My day job requires me to use both Perl and C#. My prefered development environment is on my Macbook. When hacking Perl, I use TextMate, but for my C# work, I need to use Visual Studio. Luckily, VMWare Fusion lets me run the dreaded Micro$oft IDE when I need it. Since our source code is all in a Subversion repository, and since I already checked out my code on the Mac, I thought why not just open and edit my Visual Studio solutions off of the shared network folder that Fusion creates? That way, I can run Visual Studio in Unity mode and use the command-line Subversion tools in Terminal.app. However, this has not worked out as I had hoped.

Creating a mapped drive letter to my networked volume is easy. I have read/write access to the files on my Mac via this networked volume. But, I encounter two problems.

First, when trying to open a Solution file within Vistual Studio 2005 that is stored on a network volume, it will give me this error about the project location being untrusted:

Visual Studio 2005 untrusted location error

Now, this error is easily banished with a simple caspol invocation on the command line:

caspol -m -ag 1.2 -url urlname FullTrust

Just replace “urlname” with the full UNC path as in “\\\\Some\\Path\\*” and remember to include the “*” at the end.

The real problem I am having is when I try to run a project. It compiles just fine, the ASP.NET Development Server starts up, and my Web browser opens up trying to load the .aspx page. But, I always get a server error message that says “failed to start monitoring changes…” like this:

Failed to start monitoring changes error

If I use TortiseSVN to check-out the files directly onto the virtual hard drive, everything works without incident.
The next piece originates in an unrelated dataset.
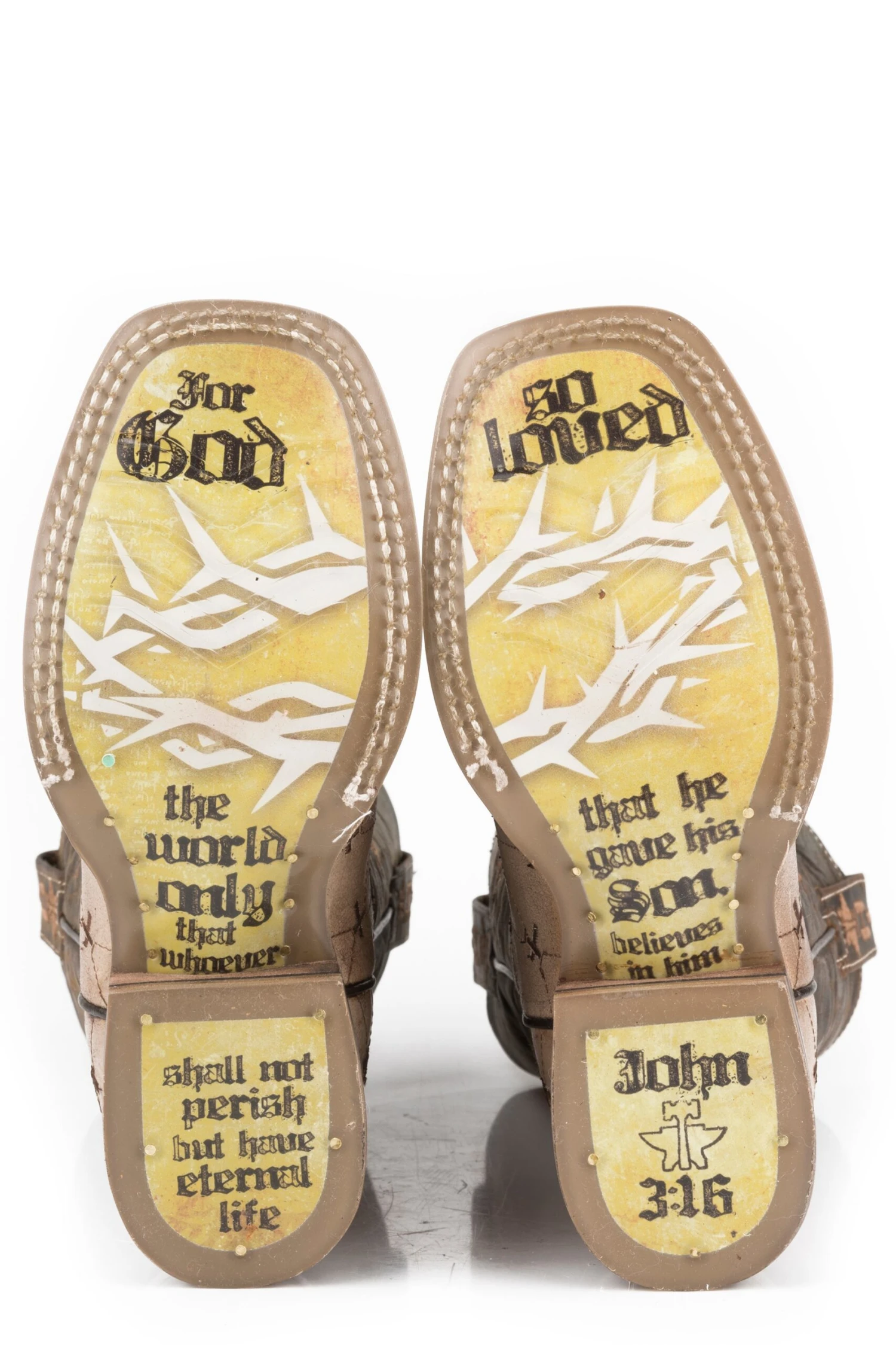 SKU: D2F5B 7518093345015 Category: Boys Tags: Anniversary Special, Boot, Boots, BOYS, Color: TAN, Embroidery, FEATHER PLUME / PEACOCK SOLE, FOOTWEAR, Leather, LIL GOSPEL, LIL GOSPEL / John 3:16 Sole, LITTLE KIDS, SPECIAL VALUE, SQTOE GROWTH SPURT INSOLE & OBVIOUS SOLE

I’d really prefer to avoid duplicating files on the virtual hard drive, if I can help it. Does anyone out there in Blogging Land have a solution to this issue or even know exactly what is causing it?

{ 2 } Comments

  1. Dave | February 28, 2008 at 7:47 pm | Permalink

    did you ever find the solution?

  2. Stephen Tolton | February 28, 2008 at 7:51 pm | Permalink

    No, I didn’t find a solution. I just installed VS2008, so I’ll see if the error persists there. But, it might be related to the OS (WinXP) or the version of IIS running or something else. I’ll post an update after I try it again with VS2008.